#!/usr/bin/env python
# coding: utf-8

# # Examples and Exercises from Think Stats, 2nd Edition
# 
# http://thinkstats2.com
# 
# Copyright 2016 Allen B. Downey
# 
# MIT License: https://opensource.org/licenses/MIT
# 

# In[1]:


from __future__ import print_function, division

get_ipython().run_line_magic('matplotlib', 'inline')

import numpy as np

import brfss

import thinkstats2
import thinkplot


# ## The estimation game
# 

# Root mean squared error is one of several ways to summarize the average error of an estimation process.

# In[2]:


def RMSE(estimates, actual):
    """Computes the root mean squared error of a sequence of estimates.

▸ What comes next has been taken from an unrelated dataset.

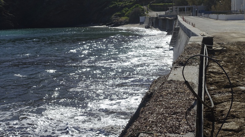 Πάμε και στο πέτρινο παλιό τοιχίο που υπήρχε στην αρχή του παραλιακού δρόμου, εκεί που καταλήγει η στροφή στην ακτή. Μέχρι εκεί που είναι δεμένα τα σχοινιά στον πέτρινο τοίχο ήταν άμμος και βότσαλα. Με τα σχοινιά ήταν δεμένες τρεις βάρκες που κάτοικοι είχαν τραβήξει για τον χειμώνα στην ακτή. Πάει και η άμμος, πάνε και τα βότσαλα, πάνε και οι τρεις βάρκες. Τα πήρε όλα η θάλασσα. Οι ιδιοκτήτες τους βρήκαν μόνο τα σχοινιά με τα οποία ήταν δεμένες στον πέτρινο τοίχο. Πάει και η πέτρινη βάση που ήταν δύο χτιστές καμπίνες για να αλλάζουν οι λουόμενοι. Τώρα θα πρέπει να φτιαχτεί τσιμεντένιος ο τοίχος και μετά θα περιμένουν όλοι να φέρει η θάλασσα κάτι από την παραλία που πήρε!…

    estimate: sequence of numbers
    actual: actual value

    returns: float RMSE
    """
    e2 = [(estimate-actual)**2 for estimate in estimates]
    mse = np.mean(e2)
    return np.sqrt(mse)


# The following function simulates experiments where we try to estimate the mean of a population based on a sample with size `n=7`.  We run `iters=1000` experiments and collect the mean and median of each sample.

# In[3]:


import random

def Estimate1(n=7, iters=1000):
    """Evaluates RMSE of sample mean and median as estimators.

    n: sample size
    iters: number of iterations
    """
    mu = 0
    sigma = 1

    means = []
    medians = []
    for _ in range(iters):
        xs = [random.gauss(mu, sigma) for _ in range(n)]
        xbar = np.mean(xs)
        median = np.median(xs)
        means.append(xbar)
        medians.append(median)

    print('Experiment 1')
    print('rmse xbar', RMSE(means, mu))
    print('rmse median', RMSE(medians, mu))
    
Estimate1()


# Using $\bar{x}$ to estimate the mean works a little better than using the median; in the long run, it minimizes RMSE.  But using the median is more robust in the presence of outliers or large errors.
# 
# 
# ## Estimating variance
# 
# The obvious way to estimate the variance of a population is to compute the variance of the sample, $S^2$, but that turns out to be a biased estimator; that is, in the long run, the average error doesn't converge to 0.
# 
# The following function computes the mean error for a collection of estimates.

# In[4]:


def MeanError(estimates, actual):
    """Computes the mean error of a sequence of estimates.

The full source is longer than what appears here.